Thanks to all of you who have emailed me about the prospect of a TV series based on my Roy Grace books. There is a lot of work going on behind the scenes about the possibility of a Roy Grace television series, but please do not expect it to happen anytime soon. At the moment I am biding my time until I can be assured that everything about the television adaptation will be just right. I care very deeply about the Roy Grace series of novels and I want to ensure that when the series is made that it is faithful to the books, and that the character of Roy Grace is played but an unknown, rather than having a famous actor play him as just another of the many roles of his career.

I also want to ensure that the accuracy of police procedures that I strive so hard to put into my book is reflected in any series. I find it incredible how poorly researched some of our biggest crime series on UK television are. One particular bête noire of mine — and any tv writer, producer or director reading this, please take note: For many years now any serious crime scene in the UK is immediately cordoned off with Police tape. A scene guard is posted, who will be a uniform PC or PCSO, who signs everyone in and everyone out. He has authority to refuse entrance to anyone — and I mean, ANYONE, including the Chief Constable of his county, not dressed in protective clothing. Those white SOCO all-in-ones are not there to protect delicate Scene of Crime officers from getting dirty: They are there to protect the crime scene from outsiders contaminating it. So when David Jason, as Frost, blunders into a crime scene in which SOCOs are at work, in his old brown mac and his brogues it really shows someone hasn’t done the most basic of homework — and I think it is insulting to viewers.
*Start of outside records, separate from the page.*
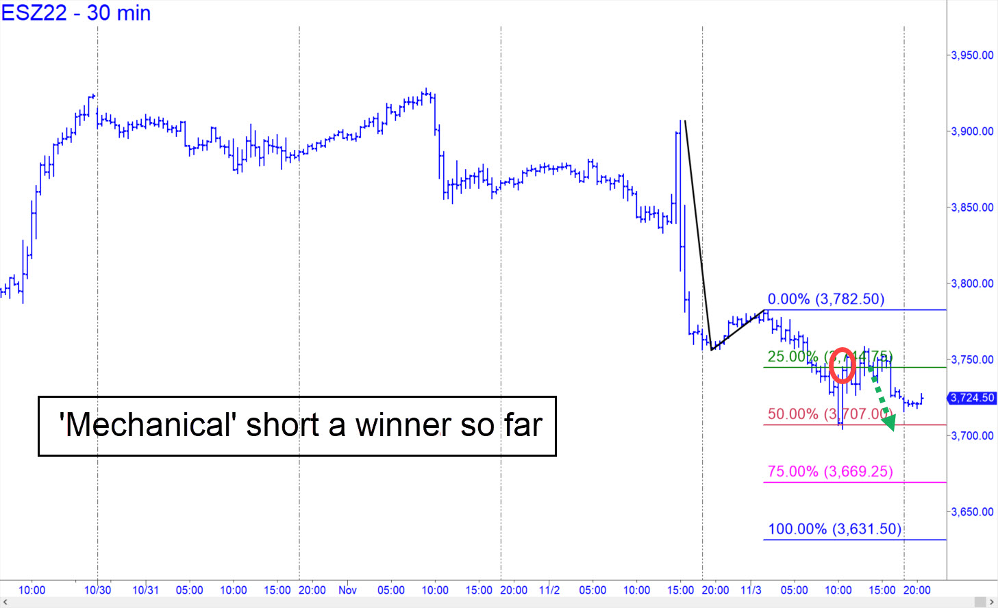 A powerful short squeeze capped the week, daring badly bloodied bears to stand their ground. The rally narrowly exceeded the 3917 target I’d drum-rolled five days earlier, when the futures were trading more than 100 points lower. Some Rick’s Picks subscribers evidently doubled down at the close, betting that the best time to get short is when conditions seem most dangerous. Friday’s close easily passed that test when the futures came to rest a single point shy of an important external peak at 3925.25 recorded September 21 on the way down. If DaBoyz can levitate this gas-bag above that structural resistance Sunday night or Monday, it would refresh the impulsive energy of the hourly chart and put the December contract on track for a finishing stroke to the 4110.75 target of this pattern. You can short there with a tight stop-loss (and at p2=3959.75), but your trading bias should be aggressively bullish otherwise. ______ UPDATE (Nov 2, 4:43 p.m.): This afternoon’s wild swings offered yet another glimpse of the two forces that animate Wall Street: fear and greed. In the context of the larger pattern shown here, the histrionics amounted to just a hiccup, albeit one that would trigger an opportune ‘mechanical’ buy if the futures plummet to x=3653.00, the green line. The $30k of entry risk this implies demands risk-averse tactics for initiating the trade, so stay tuned to the chat room if you care. _____ UPDATE (Nov 3, 8:37 p.m.): Mr Market was providing few clues concerning whether the futures were about to take out today’s low at 3704, presumably bound for the 3653 target flagged above. A breakdown would put them on course for an even lower target at 3631.50 that is shown in this chart. Note also that before ES weakened at the end of the regular session, it triggered a mechanical short at 3744.75 [corrected], the green line. The trade is showing a theoretical profit at the moment of around $1000 per contract, with half of the position to be covered at p=3707.00. If you did the trade on your own initiate, please let me know in the chat room, and I’ll create a tracking position for your further guidance._______ UPDATE (Nov 4, 10:00 a.m.): The short should have been covered at around 3712 using a ‘dynamic’ trailing stop based on the 3711.00 low. Dynamic stop-losses are created by keeping risk:reward in a 1:3 relationship as a price objective is closely approached. The idea behind them is that when a target draws close — say, six points away — you should not allow an adverse swing against you that gives up more than a third (i.e., two points) of what you stood to make. In practice, you can vary the ratio, but it should never be worse than 1:1.
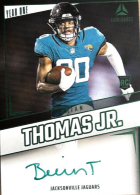 The Brian Thomas Jr. 2024 Luminance #YOS-BTJ Year One Signatures - Green Rookie card in Raw condition has not changed in price in the last 30 days and was last sold for $24.39 .
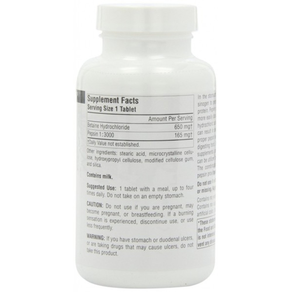 У шлунку соляна кислота перетворює пепсиноген в пепсин, фермент, який руйнує білок. Пепсин руйнує білки в більш дрібні, легко засвоювані речовини. Оскільки люди старіють, секреція соляної кислоти може бути зменшена, що може привести до зниження рівня пепсину. Без правильного рівня пепсину організму важко перетравлювати їжу. Бетаїн гідрохлорид використовується в якості додаткового джерела соляної кислоти, яка може бути використана шлунком для виробництва пепсину. Комбінація бетаїна гідрохлориду та пепсину забезпечує чудовий тонус шлунка.
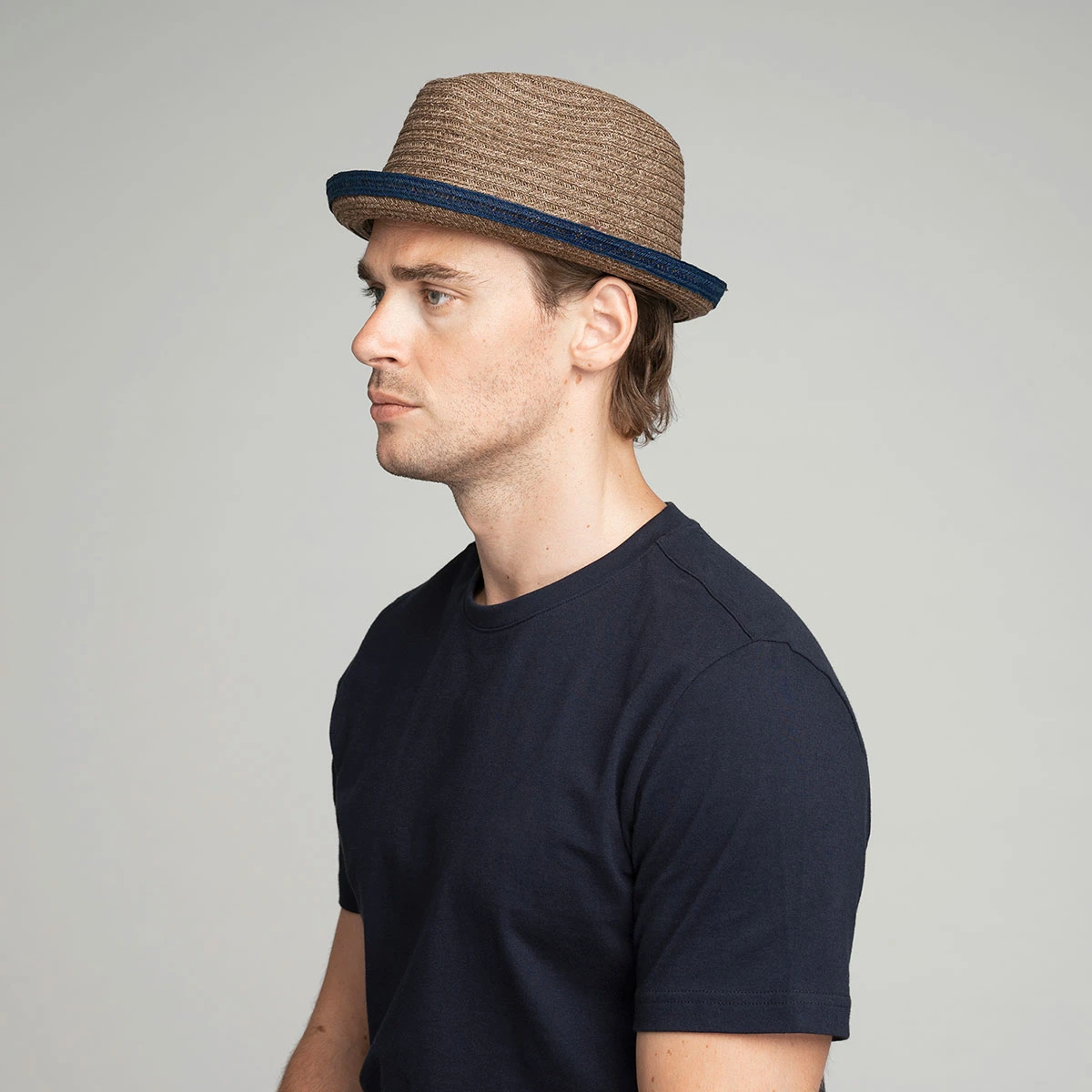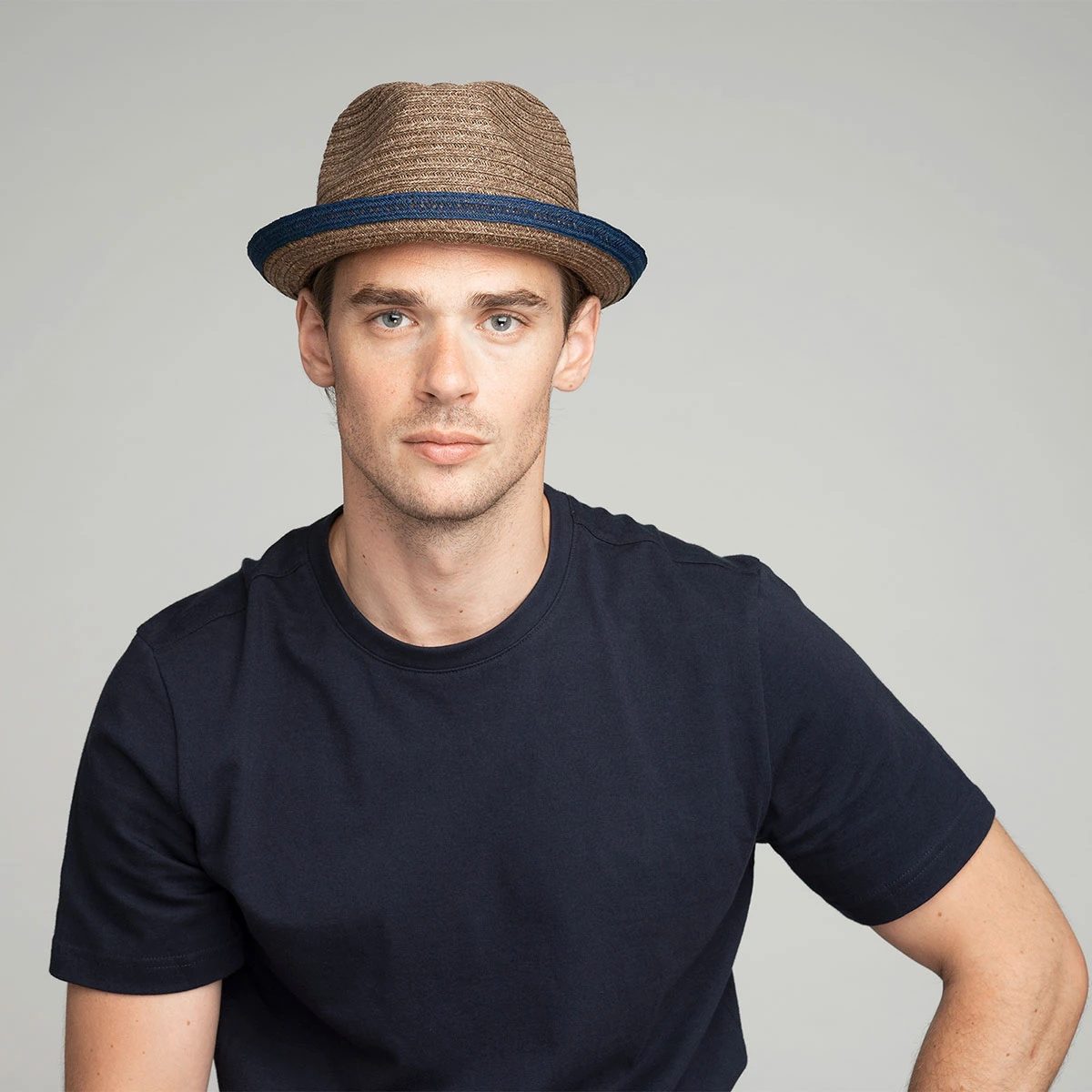 The Noakes by Bailey 1922 is a light weight, fine Toyolene braid Trilby featuring a stingy brim. With a pop of color accenting the underside of the snap brim, the Noakes is stylish and fun and adds a bit of edge when you’re in the mood.

Of course writers of crime novels and of their television adaptions have to take poetic licence. Most of the work of senior investigating officers is deskbound — it is the minions who go out and about, interviewing people. So I have to make Roy Grace more proactive than would be usual for someone in his position, but I explain why he likes to be hands on.

I certainly plan to write some of the series, and to story edit all of it, and to be on set in a producing capacity. I talked a little more about the possibility of a Roy Grace television series in this interview with Screen International.

I will post information up here the moment there is any progress on the series.